> _Work instructions_:
The copy you produce must hold every record exactly, and none of the images.

> _Dataset entries_:
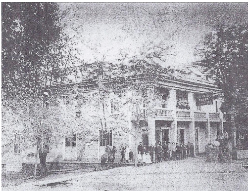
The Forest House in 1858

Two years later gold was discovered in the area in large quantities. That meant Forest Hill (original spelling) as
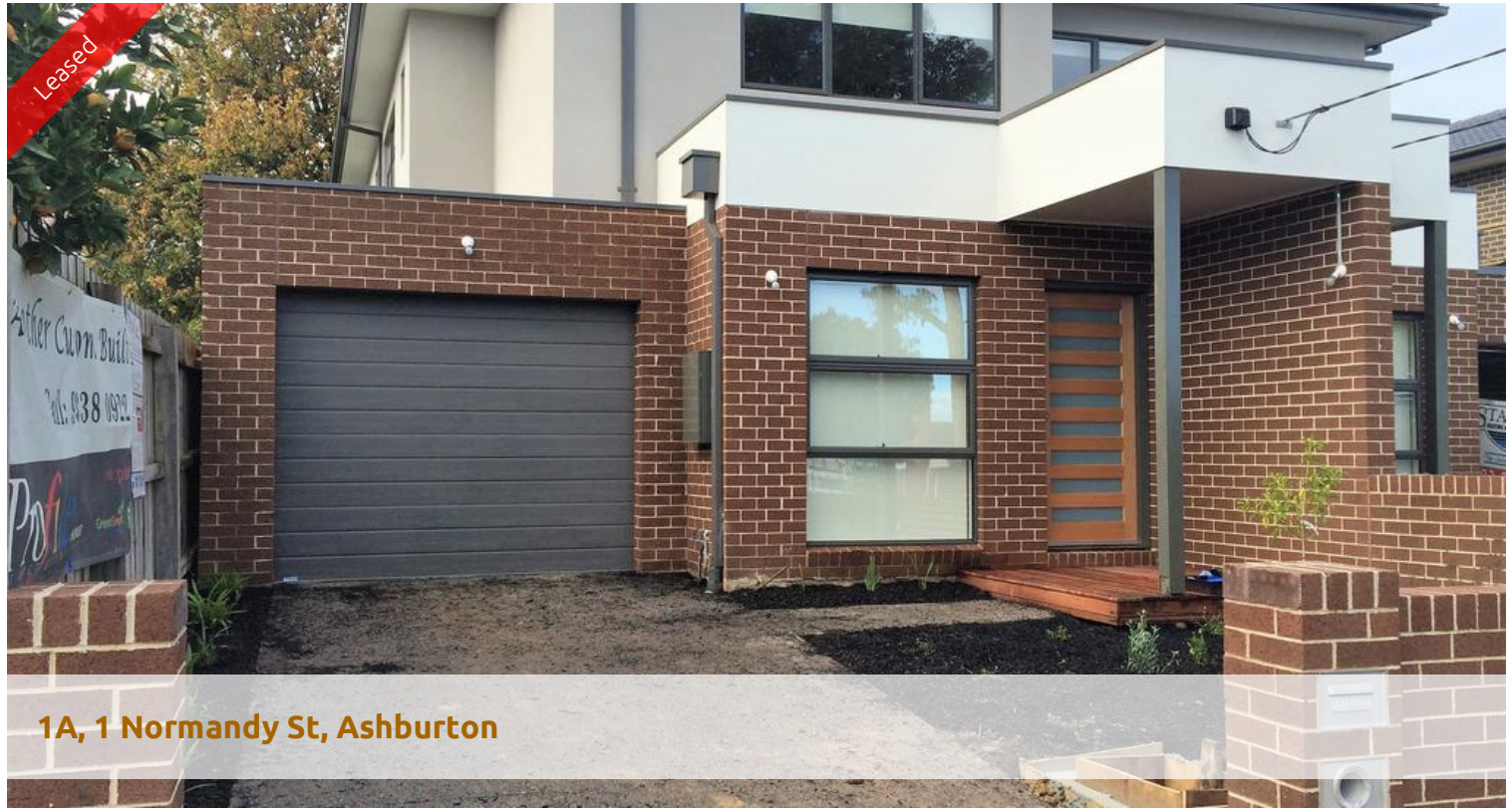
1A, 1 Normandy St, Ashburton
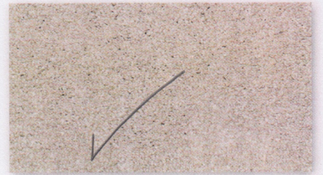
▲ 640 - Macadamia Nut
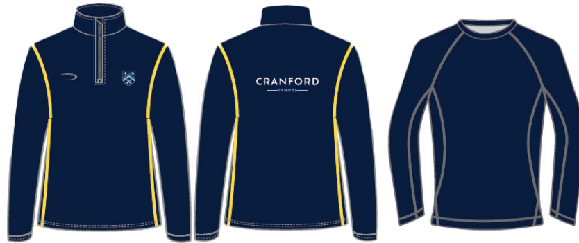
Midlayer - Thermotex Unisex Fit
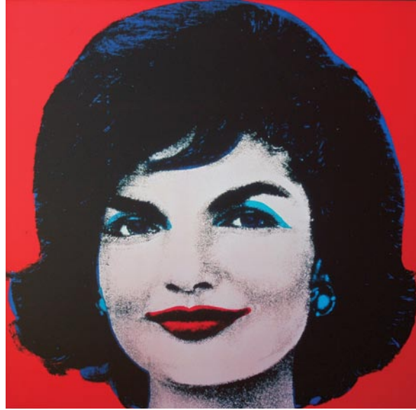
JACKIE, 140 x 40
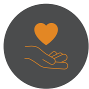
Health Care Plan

> _Answer to the problem_:
The Forest House in 1858

Two years later gold was discovered in the area in large quantities. That meant Forest Hill (original spelling) as
1A, 1 Normandy St, Ashburton
▲ 640 - Macadamia Nut
Midlayer - Thermotex Unisex Fit
JACKIE, 140 x 40
Health Care Plan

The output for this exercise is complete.